The YWCA was forced to close the Haliburton Emergency Rural SafeSpace
(HERS), an emergency shelter for women and children suffering domestic
violence, for five months last year due to increased usage and lack of
resources.
The organization recently launched a fundraising campaign, seeking to
raise $120,000 to help keep the shelter open during the next two years
and also conduct a sustainability study on providing services in rural
areas.
As Peterborough Haliburton YWCA director of philanthropy and
communications Jennifer Cureton told Minden Hills and Algonquin
Highlands councils during recent visits, the organization helped 124
individual women in Haliburton County last year, fielded more than 1,200
crisis calls and conducted some 670 outreach counsel sessions.

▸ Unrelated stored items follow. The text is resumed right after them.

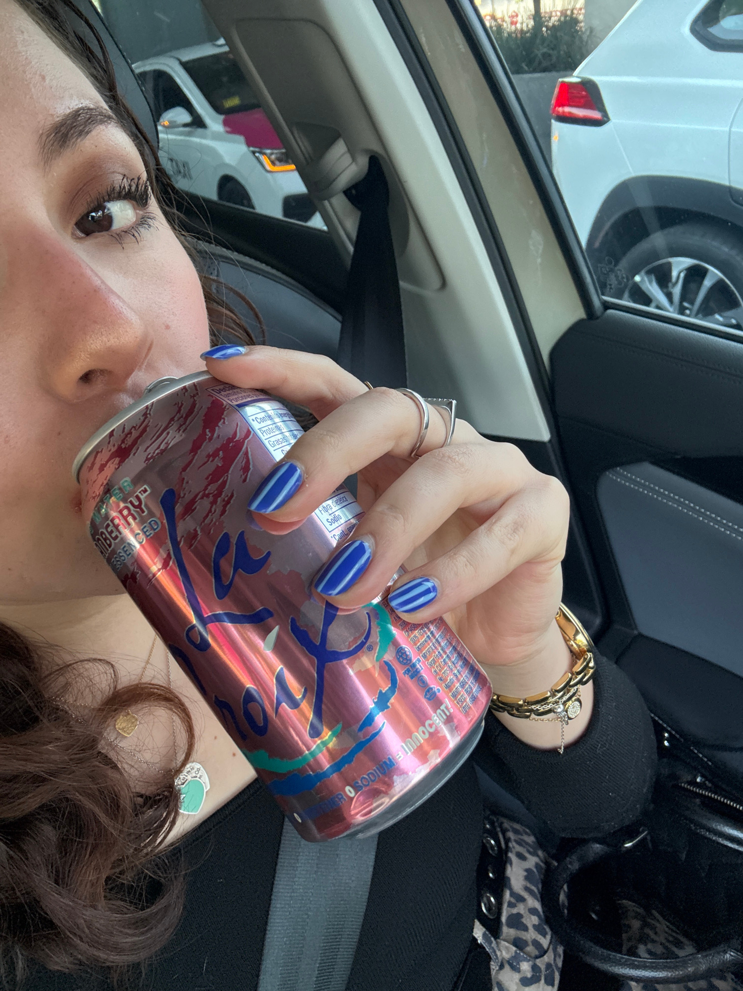 The image shows a person drinking from a can of La Croix. The person is in a car and appears to be in Mexico City, Mexico, as suggested by the can's Spanish language labeling. They are wearing a blackβ¦read more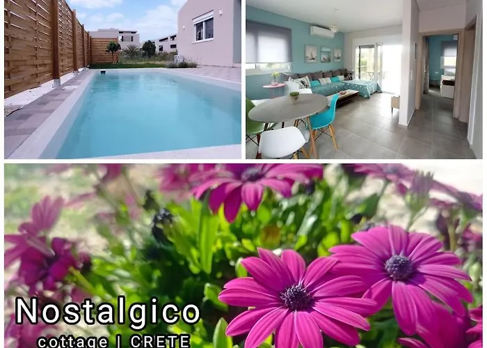 Nostalgico Cottage配有阳光露台,天井 和游泳池等便利设施,设有1间卧室. 这家住宿场所距离Apostolakis Handmade Ceramics有6公里,距离克里特东正教学院大约1.1公里.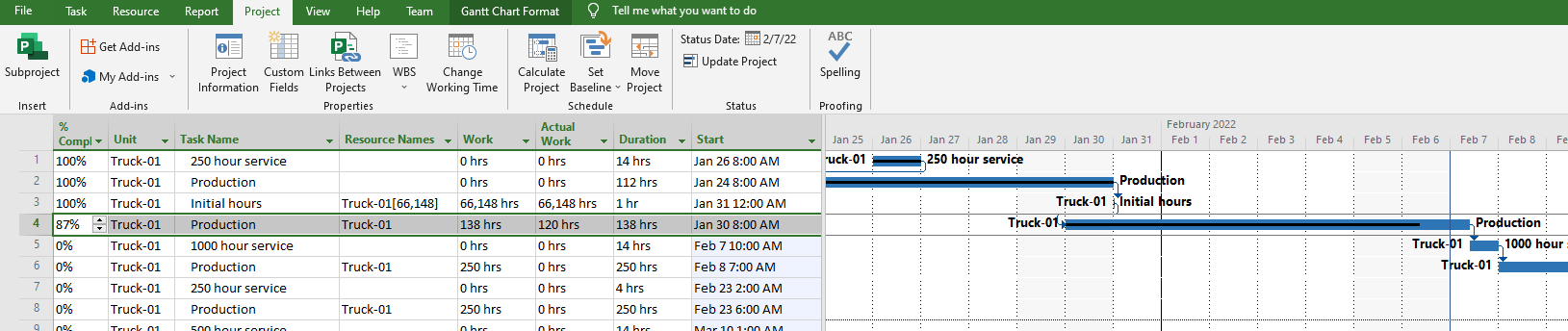The third activity will be the 66,148 initial hours, (don’t worry about the start dates just yet), at 100% completed. Resource is Truck-01[66,148].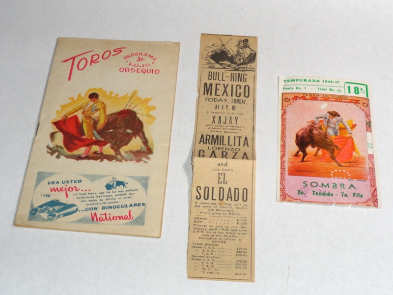 | 15610 | Anon | Toros Programa de "Lujo" Obsequio, ticket and newspaper article | Self-published | Good. Slightly musty. Pages browning. Rusty staple. | 4.5 x 8.75 inches with b&w photos and many ads. Also included is a ticket to a bullfight and a newspaper article, all in Spanish. | Mexico, Bullfighting, ephemera. | $20 |

“We have a lot of families in poverty,” she said of the county. “We
see a lot of isolation and lack of transportation. There are a lot of
hidden homeless here in Haliburton County.”
Cureton said some women stay with abusers, exchanging sex and enduring abuse for food and shelter.
Cureton visited Minden Hills councillors during a Jan. 26 meeting and
Algonquin Highlands councillors on Feb. 2. She was making what she said
was a special, one-time funding request of $5,000 from each of the
townships and was scheduled to visit Dysart et al and Highlands East
councils with the same request.
Minden Hills council granted the request, voting to allot $2,500 from
each of the 2017 and 2018 budgets to the cost. Algonquin Highlands
councillors resolved to defer the request to their upcoming budget
deliberations.
The YWCA request then came up at Feb. 3 Haliburton County council
budget meeting, with the organization requesting $5,000 from the upper
tier as well.
“To me, social services has been built into the county budget and it
should be a county responsibility,” said Algonquin Highlands
Deputy-reeve Liz Danielsen. “I do not in any way want to take away from
the importance of the problem or the request.”
Danielsen suggested that Minden Hills council reverse its decision
and that rather than the lower tiers chipping in, the county cover the
request.
“You haven’t written a cheque,” Danielsen said.
“In a perfect world, the ask would have been here [the county council
table],’” said Minden Hills Reeve and County Warden Brent Devolin.
Devolin said he wasn’t sure whether the majority of Minden Hills council
would support reversing the decision.
“The point is, we can’t be double-dipping,” said Dysart et al Reeve
Murray Fearrey, adding the money should either be coming from the lower
tiers or the upper tiers.
Fearrey, Devolin and Algonquin Highlands Reeve Carol Moffatt have all
expressed concern that the one-time request from the YWCA, which is
funded provincially, might morph into an annual one.
Receiving 61 per cent of its funding from the province, the
Peterborough Haliburton YWCA fundraises the reminder of its costs and
while money raised in Haliburton County stays in Haliburton County,
most of the money used locally is raised in Peterborough and
transferred to Haliburton. Minden Hills Deputy-reeve Cheryl Murdoch said
the closure of the shelter was something that could not be repeated.
“The fact is it was down for five months and hardly anybody knew,”
Murdoch said. “And that’s totally unacceptable. This can never happen
again. I will never see that place go down again.”
With the requests from the county and its lower tiers combined, the YWCA is seeking $25,000 over two years.
“If your choice was to fund it all, it would be $12,500 [per year for
two years],” said county chief administrative officer Mike Rutter.
“To me, it makes more sense that it lives at the upper tier,” said Moffatt.
“If it’s $12,500, we can surely find it in a $22 million budget,” said Fearrey.
Councillors directed the request be funded, leaving them and staff to find the money in the budget.
The budget has not yet been approved.